▶ _Work instructions_: Once the pictures are removed, output the remaining entries exactly as given.

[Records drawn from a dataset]

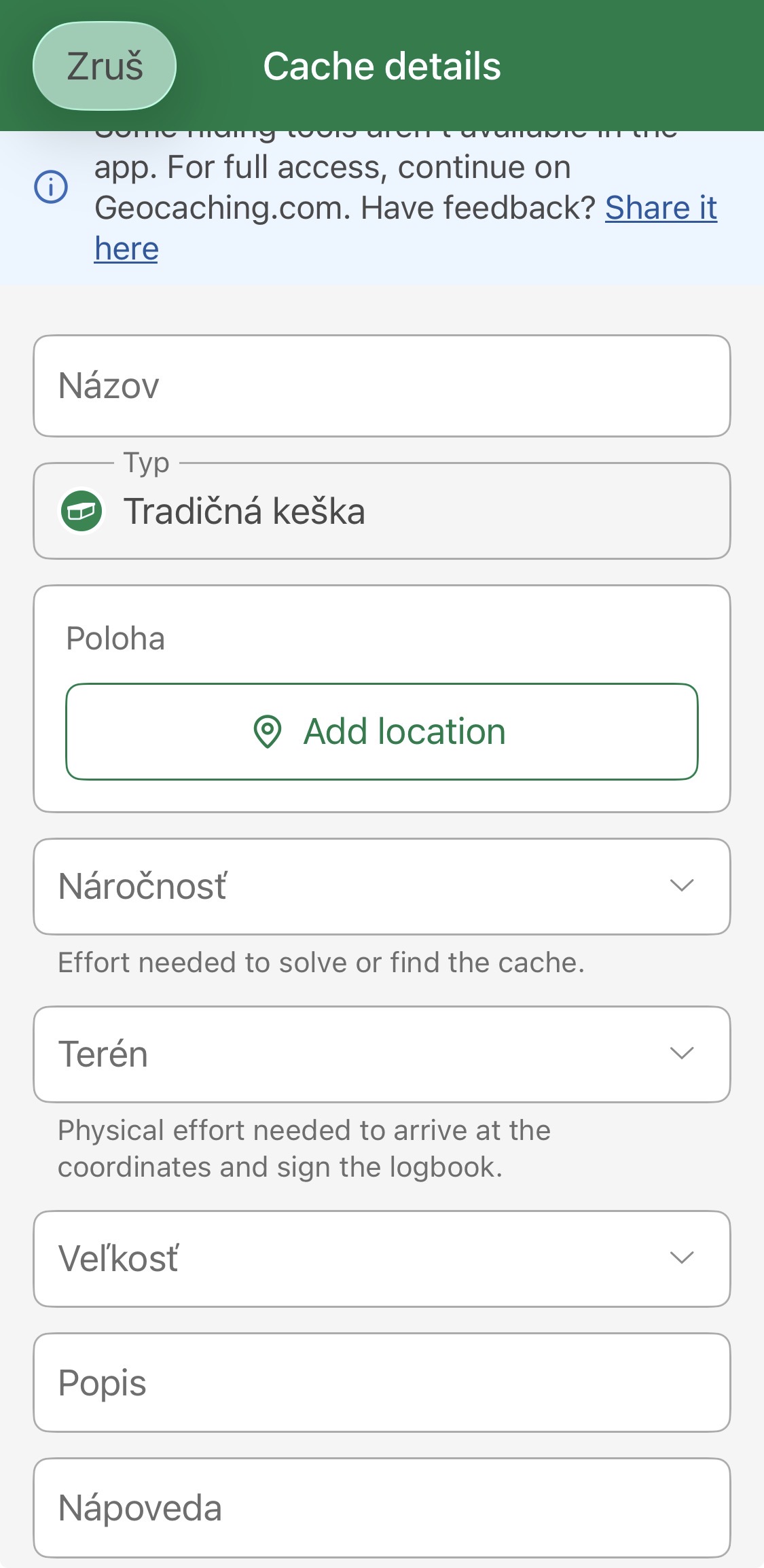 Ak ešte nemáš krabičku fyzicky umiestnenú, môžeš rozpracovaný listing uložiť a dokončiť neskôr, buď v appke (Hides → Unpublished) alebo na Geocaching.com. Ostatné typy kešiek zatiaľ cez appku vytvoriť nejde, tie ťa presmerujú na web.
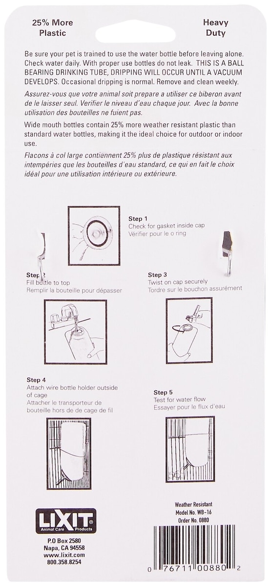 Lixit Wide Mouth Small Animal Water Bottle, 16-oz
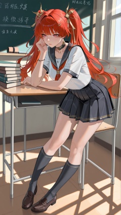 masterpiece,best quality,amazing quality,<lora:augusta-000025:0.8>,1girl,red eyes,red hair,augusta \(wuthering waves\),<lora:20250808-1754650692631:0.8>,zhigan3d,school_uniform,sailor_collar,pleated_skirt,ribbon_tie,kneehigh_socks,loafers,blunt_bangs,twin_tails,classroom_background,chalkboard,desk_stack,sunlight_window,
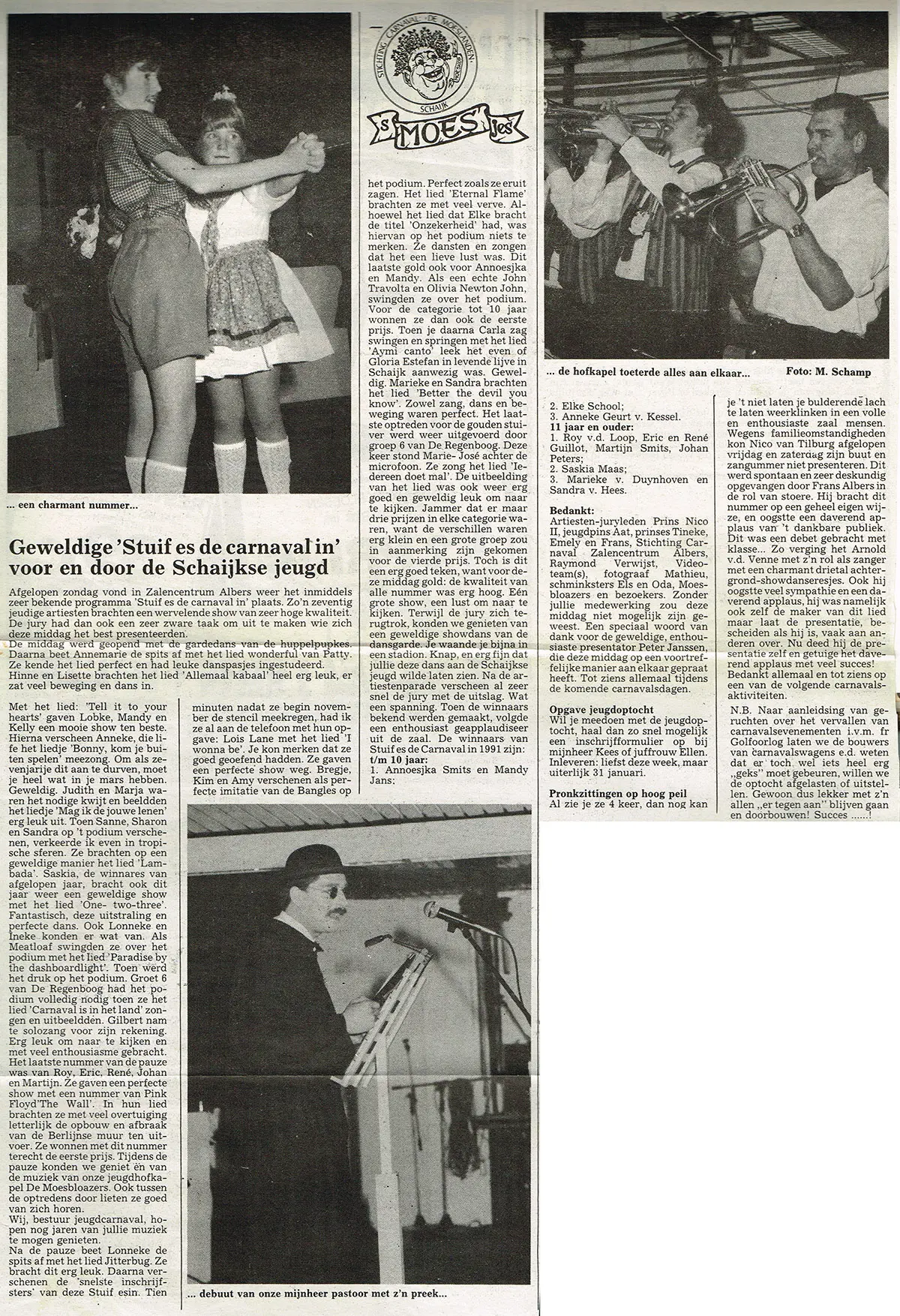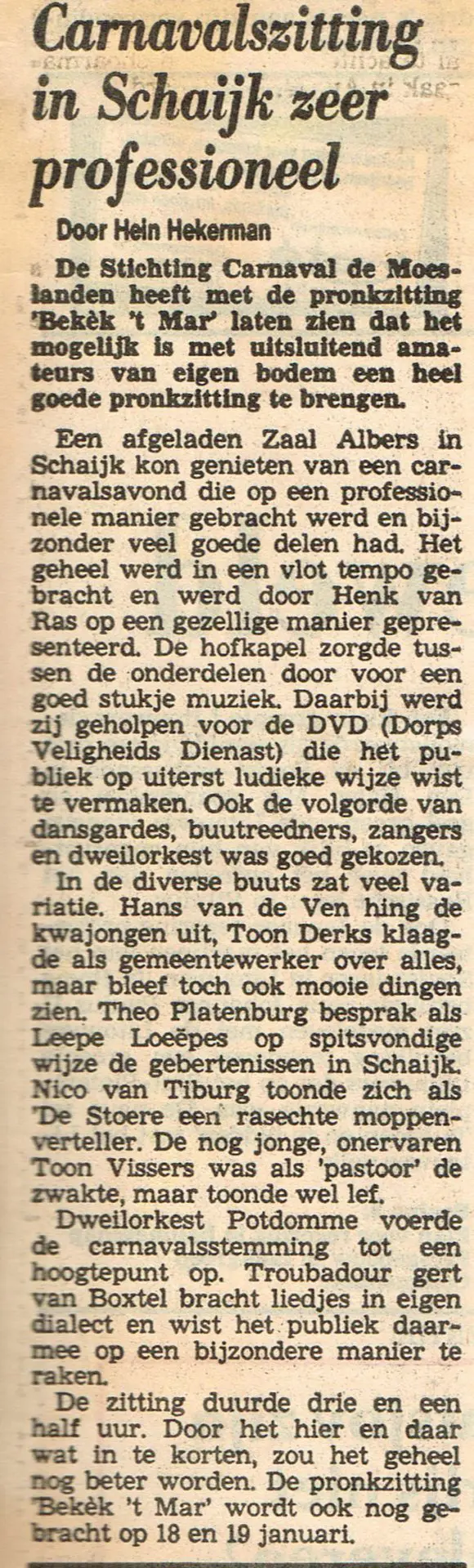 Pronkzitting 1991, getiteld “Bekèk ’t Mar”, bewees dat je met puur Schaijks talent een avondvullend carnavalsprogramma van hoog niveau kunt neerzetten. Stichting Carnaval De Moeslanden toverde een volle Zaal Albers om tot een feesttempel waar amateurartiesten van eigen bodem het publiek ruim drieënhalf uur lang vermaakten.
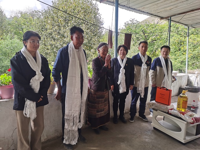 在中秋、國(guó)慶雙節(jié)來(lái)臨之際,為切實(shí)做好民族團(tuán)結(jié)工作,把愛心送到困難群眾心坎上。9月28日,嘎堆水電公司組織慰問組走進(jìn)嘎堆村困難老人家中走訪慰問,給予節(jié)日關(guān)懷及祝福。
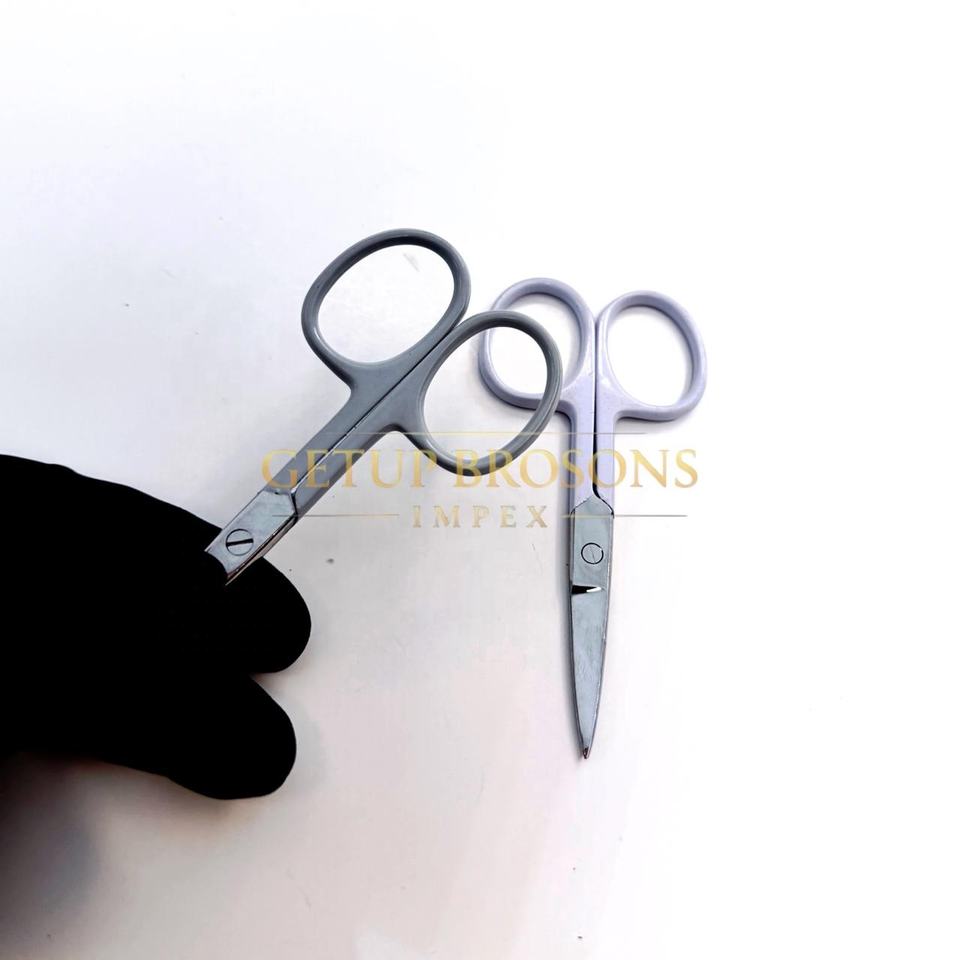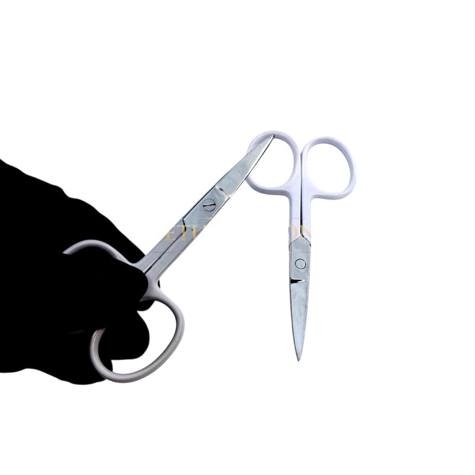 Ciseaux à sourcils miniatures de haute qualité en acier inoxydable avec revêtement en poudre gris clair, lame droite, pointe acérée, avec votre propre logo personnalisé

▶ _Reply_:
 Ak ešte nemáš krabičku fyzicky umiestnenú, môžeš rozpracovaný listing uložiť a dokončiť neskôr, buď v appke (Hides → Unpublished) alebo na Geocaching.com. Ostatné typy kešiek zatiaľ cez appku vytvoriť nejde, tie ťa presmerujú na web.
 Lixit Wide Mouth Small Animal Water Bottle, 16-oz
 masterpiece,best quality,amazing quality,<lora:augusta-000025:0.8>,1girl,red eyes,red hair,augusta \(wuthering waves\),<lora:20250808-1754650692631:0.8>,zhigan3d,school_uniform,sailor_collar,pleated_skirt,ribbon_tie,kneehigh_socks,loafers,blunt_bangs,twin_tails,classroom_background,chalkboard,desk_stack,sunlight_window,
 Pronkzitting 1991, getiteld “Bekèk ’t Mar”, bewees dat je met puur Schaijks talent een avondvullend carnavalsprogramma van hoog niveau kunt neerzetten. Stichting Carnaval De Moeslanden toverde een volle Zaal Albers om tot een feesttempel waar amateurartiesten van eigen bodem het publiek ruim drieënhalf uur lang vermaakten.
 在中秋、國(guó)慶雙節(jié)來(lái)臨之際,為切實(shí)做好民族團(tuán)結(jié)工作,把愛心送到困難群眾心坎上。9月28日,嘎堆水電公司組織慰問組走進(jìn)嘎堆村困難老人家中走訪慰問,給予節(jié)日關(guān)懷及祝福。
 Ciseaux à sourcils miniatures de haute qualité en acier inoxydable avec revêtement en poudre gris clair, lame droite, pointe acérée, avec votre propre logo personnalisé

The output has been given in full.